Culinary Course List
CUL 101 - PRINCIPLES OF FOOD PRODUCTION I Class 1, Lab 6, Credit 3 This is an introductory course in food preparation, including kitchen safety and sanitation. Emphasis is placed on the practical presentation of simple foods, terminology, and techniques of preparation of nutritious quality food. Prerequisite(s): Take ENG-032, MAT-032 and RDG-032 with a minimum grade of "C".
CUL 102 - PRINCIPLES OF FOOD PRODUCTION II Class 2, Lab 3, Credit 3 This course is a study of the preparation of food categories such as sauces, salads, baked products, meats, poultry, vegetables, etc. Special attention is given to presentation and garnishing. Prerequisite(s): Take CUL-101 with a minimum grade of C.
CUL 103 - NUTRITION Class 3, Lab 0, Credit 3 This course is a study of general nutritional needs of the life cycle, including carbohydrates, proteins, fats, vitamins, and minerals. Practical applications for the food service professional are emphasized. Prerequisite(s): Take ENG-032, MAT-032 and RDG-032 with a minimum grade of "C".
CUL 115 - QUANTITY FOOD PREPARATION Class 2, Lab 9, Credit 5 This course is a study of cooking methods and food cost controls for food items prepared in large quantities. Planning and production of meals are included in this course. Prerequisite(s): Take CUL-102 with a minimum grade of "C".

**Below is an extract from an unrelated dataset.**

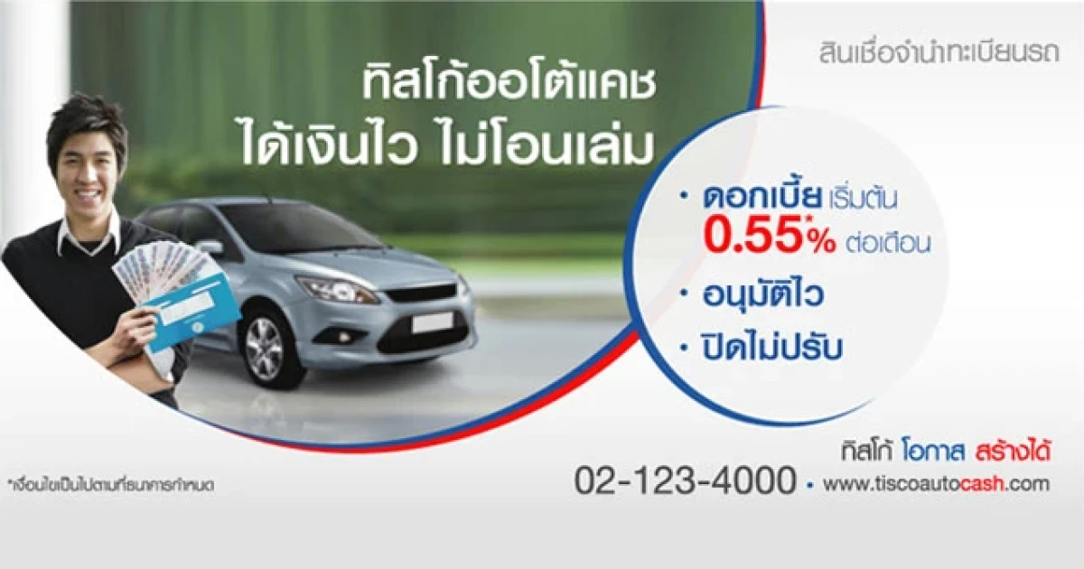"ทิสโก้ ออโต้ แคช" (TISCO AUTO CASH) : สินเชื่อรถยนต์สำหรับคนมีรถ อยากได้เงินสด ขับรถมาเลย เพียงนำทะเบียนรถมาขอสินเชื่อ รถแลกเงินเพื่อเพิ่มสภาพคล่องได้ทันที ด้วยอัตราดอกเบี้ยต่ำ เริ่มต้นเพียง 0.55% ต่อเดือน สูงสุดไม่เกิน 1.00% ต่อเดือน ขั้นตอนง่าย สะดวก รวดเร็ว ไม่ต้องจอดรถ ไม่ต้องโอนทะเบียน รับเงินไวภายใน 3 วันทำการ

CUL 129 - STOREROOM AND PURCHASING Class 3, Lab 0, Credit 3 This course combines purchasing theory with practical experience in the storeroom. Students develop skills in purchasing, developing requisitions, food transfers, inventory and organization of the storeroom. Prerequisite(s): Take ENG-032, MAT-032 and RDG-032 with a minimum grade of C.
CUL 135 - INTRODUCTION TO DINING ROOM SERVICE Class 1, Lab 6, Credit 3 This course introduces the student to the basics of the dining room to include buffet, banquet, tableside and a la carte styles of service. Prerequisite(s): Take ENG-032, MAT-032, RDG-032 with a minimum grade of C.
CUL 145 - DINING ROOM OPERATIONS Class 1, Lab 6, Credit 3 This course is a study of the principles of operational procedures of the dining area and of managerial concerns for effective dining service. Prerequisite(s): Take CUL-135 with a minimum grade of "C".
CUL 155 - SANITATION Class 3, Lab 0, Credit 3 This course is a study of local, state, and national regulations governing sanitary food handling practices. Prerequisite(s): Take ENG-032, MAT-032 and RDG-032 with a minimum grade of "C".
CUL 235 - MENU PLANNING Class 2, Lab 3, Credit 3 This course is a study of the principles of menu planning and design with application of basic nutrition, organization plans, and recordkeeping techniques. Prerequisite(s): Take CUL-102 with a minimum grade of "C".
CUL 236 - RESTAURANT CAPSTONE Class 1, Lab 6, Credit 3 This course will include capstone competencies for culinary arts students. Students will manage and work multiple stations, develop food specials, cost menus, take inventories, produce a menu analysis and expedite food from the kitchen to the dining room. Prerequisite(s): Take CUL-115 with a minimum grade of "C".
CUL 299 - SPECIAL TOPICS IN CULINARY STUDIES Class 3, Lab 0, Credit 3 This course will focus on a special topic in culinary or baking pastry arts such as regional world cuisines, food history, or current trends. Prerequisite(s): Take CUL-115 with a minimum grade of "C".